2018-08-21 19:08:53 PRSice_linux \ --A1 effect_allele \ --A2 noneffect_allele \ --all-score \ --bar-levels 1 \ --base pheno.txt \ --beta \ --binary-target T \ --bp bp_hg19 \ --chr chr \ --clump-kb 0 \ --clump-p 1.000000 \ --clump-r2 0.100000 \ --extract chr22.valid \ --hard-thres 0.900000 \ --info-base median_info,0.9 \ --interval 0.000050 \ --lower 0.000100 \ --model add \ --no-default \ --no-regress \ --out chr22 \ --pheno-file sample.sample \ --pvalue p_dgc \ --se se_dgc \ --seed 569377328 \ --snp markername \ --stat beta \ --target chr22 \ --thread 2 \ --type bgen \ --upper 0.500000

Loading Genotype file: chr22 (bgen)

Detected bgen sample file format 487409 people (0 male(s), 0 female(s)) observed 487409 founder(s) included

SNP extraction/exclusion list contains 5 columns, will assume first column contains the SNP ID

1255K SNPs processed in chr22.bgen 1576 variant(s) included

1 region included

Check Phenotype file: sample.sample Column Name of Sample ID: ID_1+ID_2 Note: If the phenotype file does not contain a header, the column name will be displayed as the Sample ID which is ok. Phenotype Name: missing There are a total of 1 phenotype to process

Start processing pheno

Reading 100.00% Base file: pheno.txt 9455778 variant(s) observed in base file, with: 9455778 variant(s) not found in target file 0 total variant(s) included from base file

Error: No valid variant remaining

— You are receiving this because you modified the open/close state. Reply to this email directly, view it on GitHub https://github.com/choishingwan/PRSice/issues/69#issuecomment-414855564, or mute the thread https://github.com/notifications/unsubscribe-auth/ABM44vN9ria-PojklJ77T7ZuTmB9OL6Pks5uTJjrgaJpZM4VTLGn .

carbocation commented 6 years ago

Yes - the May hotfix is running fine on the ~60,000 variants that overlap this GWAS data from chromosome 22 in my bgens. The August 21 version does not seem to work for me.

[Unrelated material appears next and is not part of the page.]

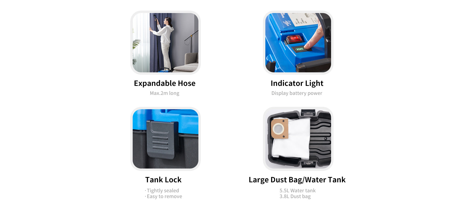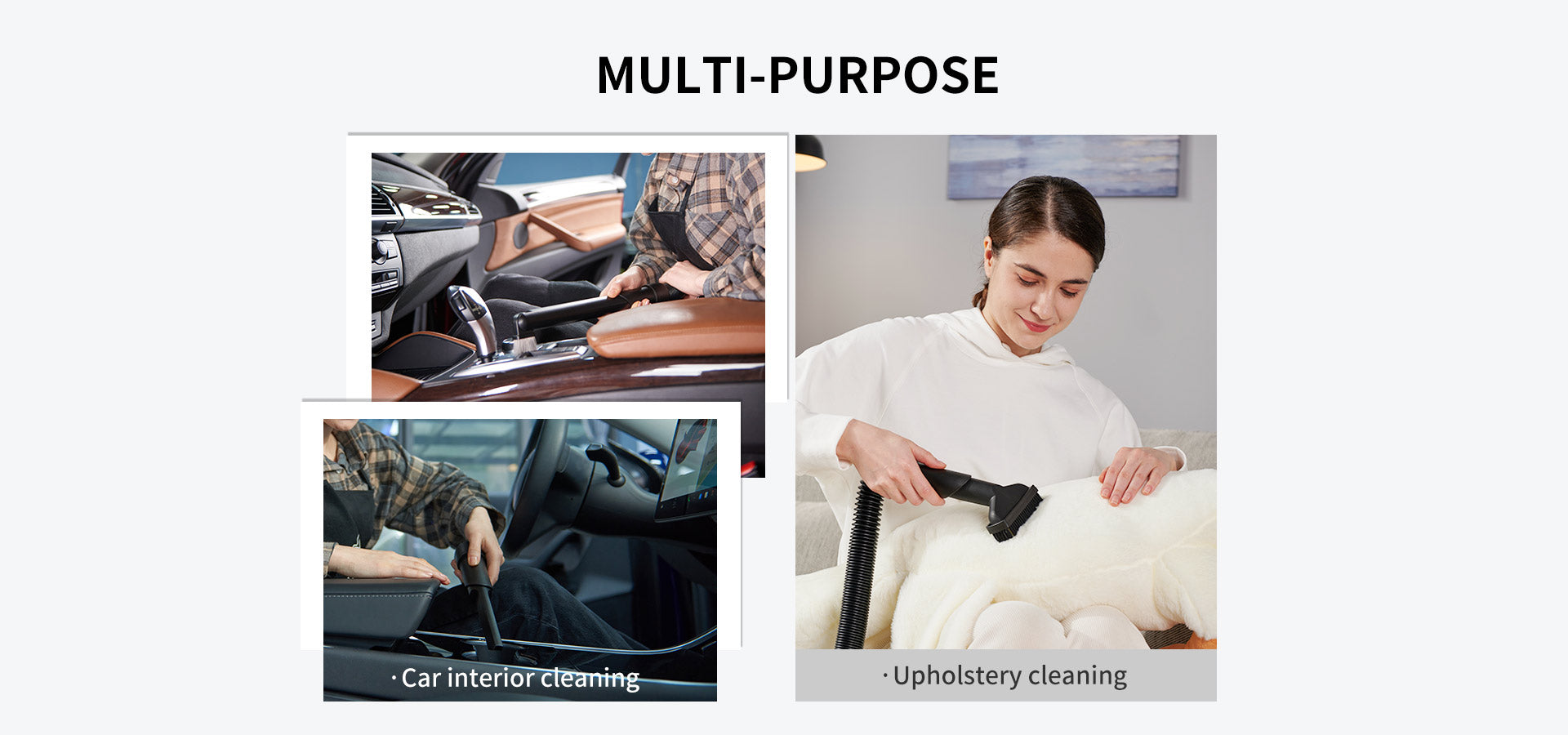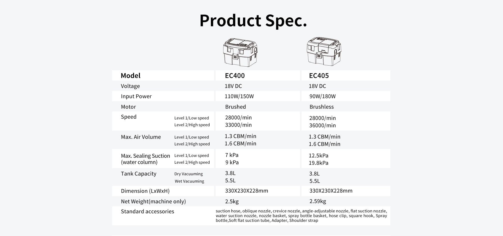 This versatile appliance is equipped with an array of suction nozzles, rendering it a comprehensive tool suitable for various cleaning tasks. The EC400 is engineered for both wet and dry cleaning applications, making it ideal for tackling spills, debris, and dirt on car interiors and fabric surfaces. Its versatile performance ensures a thorough cleaning experience.

choishingwan commented 6 years ago

Do you still have the log file from May? Here, it suggested that there’s only around 1500 SNPs left after filtering. The main difference between the May version and the August version is that the info filtering and MAF filtering, so SNPs should be filtered out correctly On Wed, 22 Aug 2018 at 12:49 AM, James Pirruccello notifications@github.com wrote:

Yes - the May hotfix is running fine on the ~60,000 variants that overlap this GWAS data from chromosome 22 in my bgens. The August 21 version does not seem to work for me.

— You are receiving this because you modified the open/close state. Reply to this email directly, view it on GitHub https://github.com/choishingwan/PRSice/issues/69#issuecomment-414858482, or mute the thread https://github.com/notifications/unsubscribe-auth/ABM44mGCxaMYz2zH8kZukOS_LXVUtcg4ks5uTJyYgaJpZM4VTLGn .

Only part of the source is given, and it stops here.